魚を捌くのは 結構汚れることがあるため いつもは 外流しを使っているのに この日は珍しく台所で作業をしています。なぜだろう…。不思議に思い手元を見ると 魚ではない 何者かの 体の一部分を 大量にハサミで パチンパチン ジョリジョリ と切り落としていました。

… 魚じゃない?

…嫌な予感しか しません。


父親「おぉ〜お帰り。ちょっと手伝ってくれよ。」


「ちょっと」で無いことは 私には一目瞭然でした。
だって 家にある 一番大きな両手鍋の中に こんもり とみたこともない 「海老とカマキリを 足して2で割ったみたいな生きもの」が茹で上がっていたからです。

 (勘弁してくれ…)

嫌だと言えない 哀しい性分の私。

恐る恐る近づいて 母親の背後からそっと見ると やっぱり 「海老とカマキリを 足して2で割ったみたいな生きもの」がザルの上に 山の様に茹で上がっているのです。
その横には 大皿の上に 平らになって身だけにされた
「元・海老とカマキリを 足して2で割ったみたいな生きもの」達がズラ〜っと並んでいます。

どんだけいるの…コレ。
って言うか 何コレ…。
魚釣りに行ったんだよねぇ …。


いろいろな疑問と納得できてない私の心のウチを 知ってか知らずか 父は(言い訳) 説明をするのでした。

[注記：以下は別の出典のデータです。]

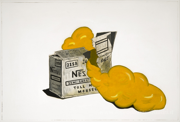 Ti offriamo una riproduzione artigianale su tela dell'opera famosa 'Box di Nestlé' di Marjorie Strider, dal Museo delle Riproduzioni.

「今日は波が高くてさ 陸地はお天気が良かったんだけど 海の上は 釣りには向いてなかったんだよ。釣ろうと思ったお魚は み〜んな深い所で休んでて 釣れなかったの。だからね 船長さんが お魚の代わりにコレをどうぞって クーラーボックスいっぱいにくれたの。
お寿司屋さんで食べたら高級品なんだぞぉ〜。
蝦蛄シャコって言うんだよ。」


いや それは置いておいて どうすんの この 量。
売る気か?

横目で手伝っている母親をチラリ伺えば ウンザリしている様にも 見えなくも なくも ない…。
そりゃ そうだ。 
だって 直径40くらいの両手鍋で何回も何回も茹でる程の 蝦蛄だもん。

やったな オヤジ。


ココは 黙って手伝うか…。
しかし 蝦蛄と言う名前が分かったと言ったって なぜ
こんなに クーラーボックスいっぱいの量を貰ってきたか…。
訳を説明されたとしても 気味の悪い姿形は
変わらんのだよ!私はか弱き 女子である!
高級品だとて 形はグロテスクなんだよ!
そして 茹でると 紫とは どう言うことか⁈


3人で奮闘すること数時間__

無事に全ての蝦蛄は茹でられ 紫色に変色した所で
夕飯の時間になるのでした。
そうです。今晩のおかずは 蝦蛄。
白いご飯に 蝦蛄。
ワサビを溶いたお醤油に 蝦蛄。
美味しいですね。 
(最初は)


あの グロテスクな お姿は ちょっとだけ記憶の彼方へ 飛んでいってもらいましょう。

でもそれも束の間。

5〜6匹も食べれば充分です。

私はもうこの日 一生分の蝦蛄の茹でた物を 頂きました。

ハサミで捌きました。

ご馳走様でした。

もう 充分頂きましたので どんなに新鮮ですとか 形が良いですとか言われても もうご馳走様です と言わせて頂く所存です。

大変 美味しゅうございました。
ご馳走様でした 蝦蛄さん。

今後は 水族館でお会いしましょう。